5. The certificate for the qualification or notary certificate of identity of foreign investors issued by their local notary organs (investors from Hong Kong, Macau and Taiwan shall provide the certificate for qualification or notary certificate of identity issued by their local notary organs ) .
6. Documents of investor’s qualification certificate and notary certificate of identity provided by Chinese Embassy or Consulate in investor’s country to the notary public of the country where the foreign investors locate in (investors in Hong Kong, Macao and Taiwan excluded.)
Note: If the foreign investors are natural persons, resumes shall be provided; notary and certificates are not needed for those owning passports copies with Chinese Embassy (Consulate) visa provided as identity certificate with valid passport for verification. If the investors in Hong Kong, Macao and Taiwan regions are natural persons, resumes shall be provided. Notary documents are not needed for those owning copies of the Mainland Travel Permit for Hong Kong and Macao Residents or Mainland Travel Permit for Taiwan Residents issued by Mainland public security authorities provided as identity certificate with valid passport for verification.
7.A Power of Attorney for the Service of Legal documents signed by the overseas investor (the authorizer) and the addressee of service of domestic legal documents (the authorized);
8. The qualification and credit certification of foreign investors and legal representative certificate (photocopy);
9.Chinese bank credential letter, certificate of registration (photocopy), legal representative certificate (photocopy);
10. Shareholders Registration of foreign investor;
11.Certification of project land or real estate source (state-owned land use certificate, building ownership certificate ( BOC) or booking sale/purchase of land and building property right etc.)

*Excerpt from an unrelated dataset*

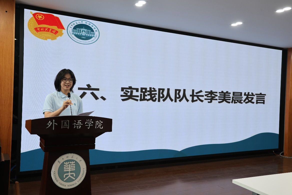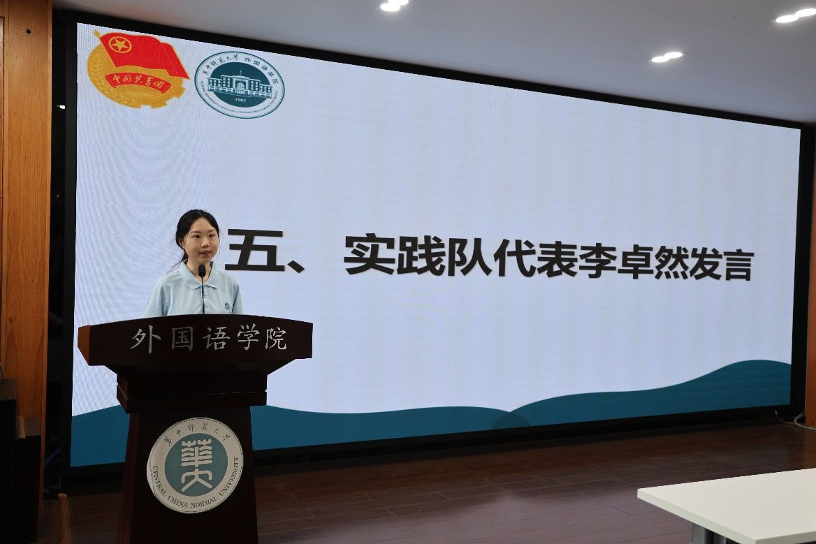 学院语思实践队队长李美晨的发言。她以章开沅先生对外院学子的寄语“做语言大师,思想旗手,行动先锋”为引,向全体队员提出五点期待:以“知”为基,以“语”为桥,以“合”为力,以“行”致远,以“安”为盾,共同在实践的广阔天地中淬炼成长。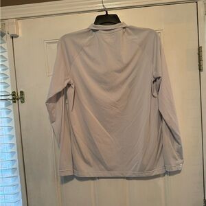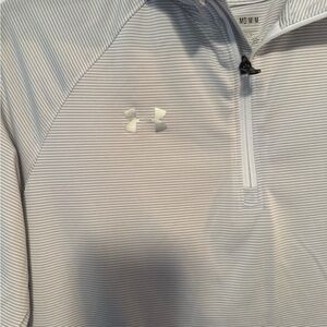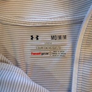 Light gray Under Armour shirt. Features HeatGear technology. Loose fit for comfort.

12.In case of investing with state-owned assets, China shall provide the appraisal report of state-owned assets and comfirmation of state-owned assets administration department;
13.the written notification on pre-approval of the enterprise name;
14.Submission of other materials requested by the Ministry of Commerce
For equity and project transfer of FIREE, merger of domestic real estate enterprises by overseas investors, investors shall submit the Guarantee Letters for carrying out the Contract for the Transfer of State-owned Land Use Right, the License for the Planning of Construction Landand the License for the Planning of Construction Projects and the Certificate for Using State-owned Land, certification on the alteration of archive files in the administrative department of construction (real estate), as well as relevant tax document issued by tax authorities.